Required action — In your answer, set down the records below exactly as they stand, omitting pictures.

Dataset items:
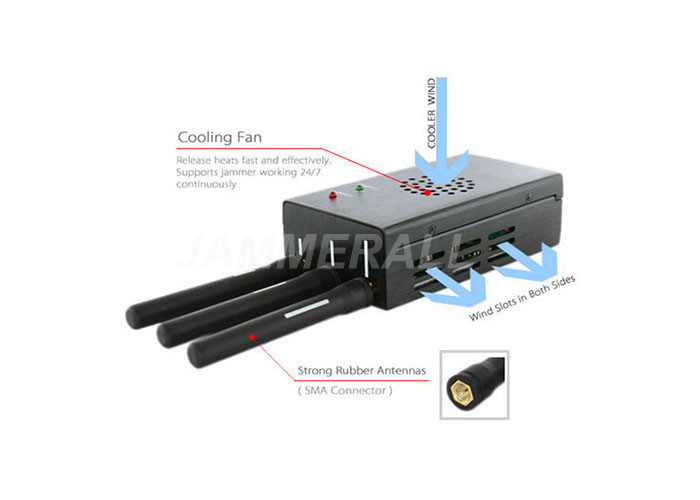 Dit is krachtig en draagbaar GPS en mobiele een telefoonstoorzender. Het kan zijn overal draagt en het niet alleen blokkeert de Signaalen van CDMA 851MHz-894MHz), GSM (925MHz-960MHz), DCS (1805MHz-1880MHz) en PCs (1930MHz-1990 Mhz), maar ook jam signaal het van GPS (1500MHz-1600MHz). De het blokkeren waaierstraal voor GPS is 15-20 meters en voor mobiele telefoon is 5-10 meters. Met de Ni-Ionenbatterij van DC8.4V/2600mA/h, is de ononderbroken gebruikende tijd rond 90 minuten. Ook kunt u in om het even welke plaats met AC lader belasten en last in uw auto met autolader.
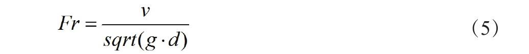 (2)確定管道尺寸。根據最大流量和施工要求,確定排水管道的直徑或斷面形狀[8]。在確定管道尺寸時,需要考慮管道自清潔速度、懸沙能力和維護性等因素。管道的自清潔速度是指在正常流量下,管道內部能夠將積聚的污物、雜物和沙粒沖刷走的速度,采用Froude數可判定管道自清潔度,其計算公式見式(5)。
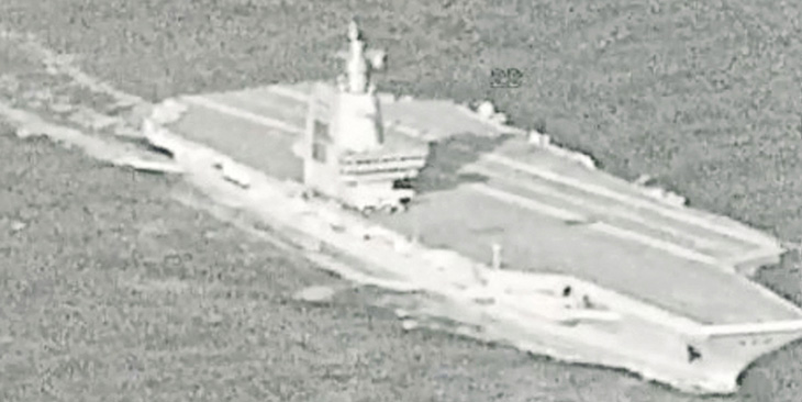 【明報專訊】解放軍首艘電磁彈射型航母福建艦上月7日服役後,前天據報途徑台灣海峽北上。台軍方昨(17日)披露空拍照片,顯示福建艦的甲板上並未搭載軍機。
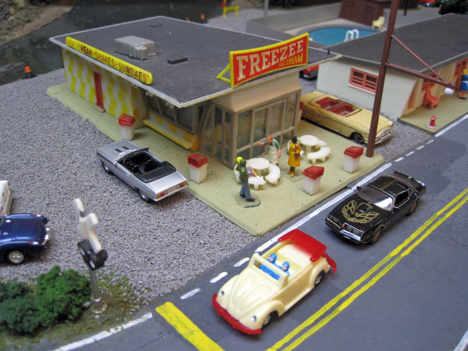 Hey! I'm sittin in front of Jnxt's Freezee in my black 79 Trans Am!! (I have the real version) I also see the Bachmann motel with pool beside the Freezee I'll add the Bachmann made home... I have only 2 or 3 Bachmann items total.
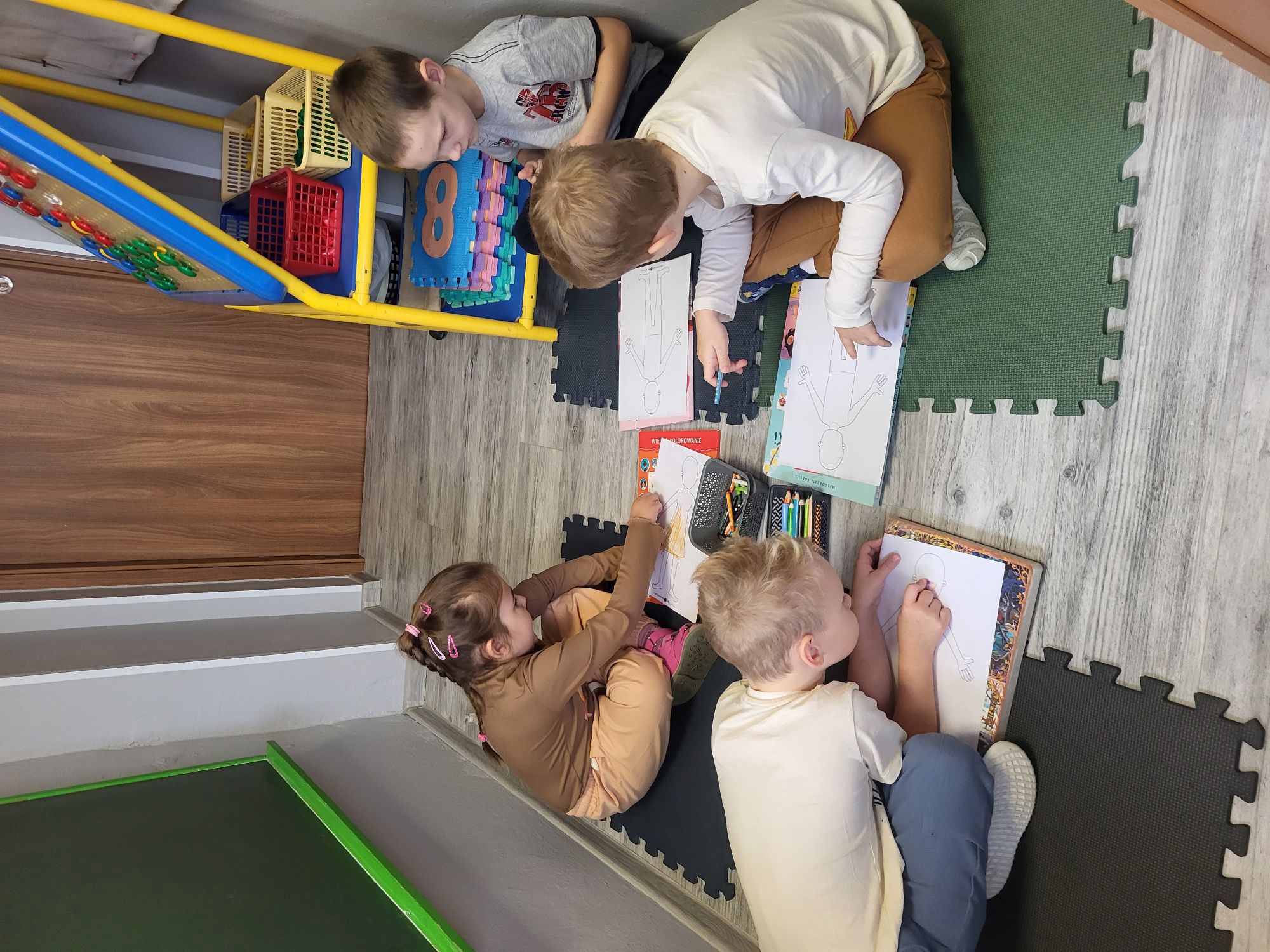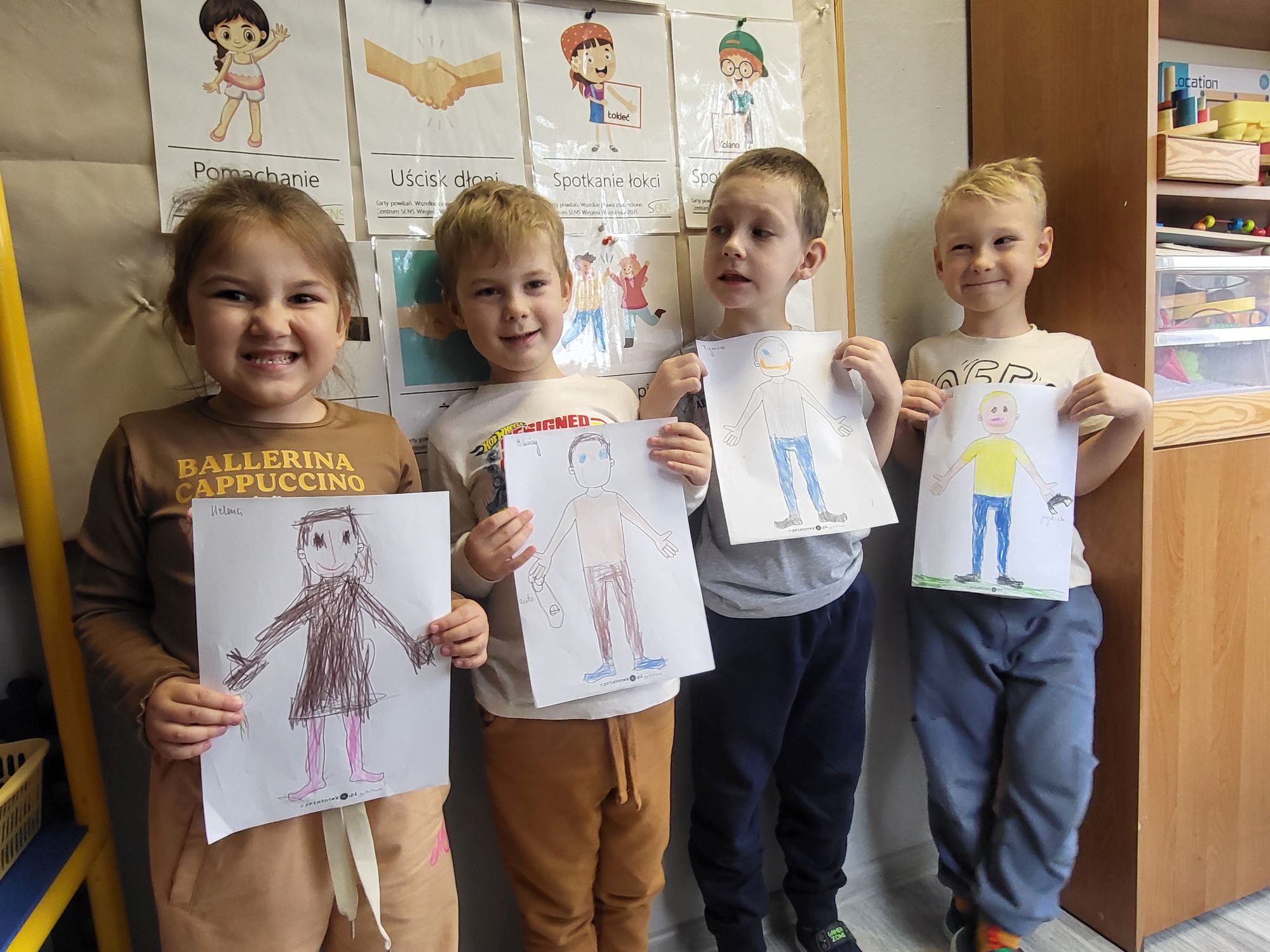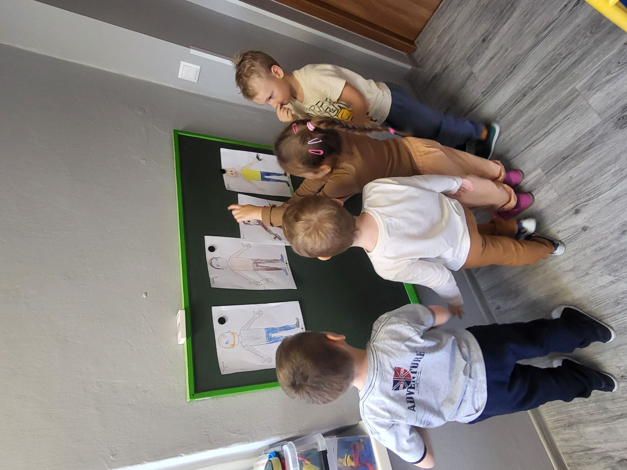 Podczas zajęć TUS dzieci 5-letnie rozmawiały o swoim dzisiejszym samopoczuciu, rysowały emocje oraz kończyły kolorowanie postaci ludzkiej. Na zakończenie zajęć prezentowały swoje wytwory.

Output —
 Dit is krachtig en draagbaar GPS en mobiele een telefoonstoorzender. Het kan zijn overal draagt en het niet alleen blokkeert de Signaalen van CDMA 851MHz-894MHz), GSM (925MHz-960MHz), DCS (1805MHz-1880MHz) en PCs (1930MHz-1990 Mhz), maar ook jam signaal het van GPS (1500MHz-1600MHz). De het blokkeren waaierstraal voor GPS is 15-20 meters en voor mobiele telefoon is 5-10 meters. Met de Ni-Ionenbatterij van DC8.4V/2600mA/h, is de ononderbroken gebruikende tijd rond 90 minuten. Ook kunt u in om het even welke plaats met AC lader belasten en last in uw auto met autolader.
 (2)確定管道尺寸。根據最大流量和施工要求,確定排水管道的直徑或斷面形狀[8]。在確定管道尺寸時,需要考慮管道自清潔速度、懸沙能力和維護性等因素。管道的自清潔速度是指在正常流量下,管道內部能夠將積聚的污物、雜物和沙粒沖刷走的速度,采用Froude數可判定管道自清潔度,其計算公式見式(5)。
 【明報專訊】解放軍首艘電磁彈射型航母福建艦上月7日服役後,前天據報途徑台灣海峽北上。台軍方昨(17日)披露空拍照片,顯示福建艦的甲板上並未搭載軍機。
 Hey! I'm sittin in front of Jnxt's Freezee in my black 79 Trans Am!! (I have the real version) I also see the Bachmann motel with pool beside the Freezee I'll add the Bachmann made home... I have only 2 or 3 Bachmann items total.
 Podczas zajęć TUS dzieci 5-letnie rozmawiały o swoim dzisiejszym samopoczuciu, rysowały emocje oraz kończyły kolorowanie postaci ludzkiej. Na zakończenie zajęć prezentowały swoje wytwory.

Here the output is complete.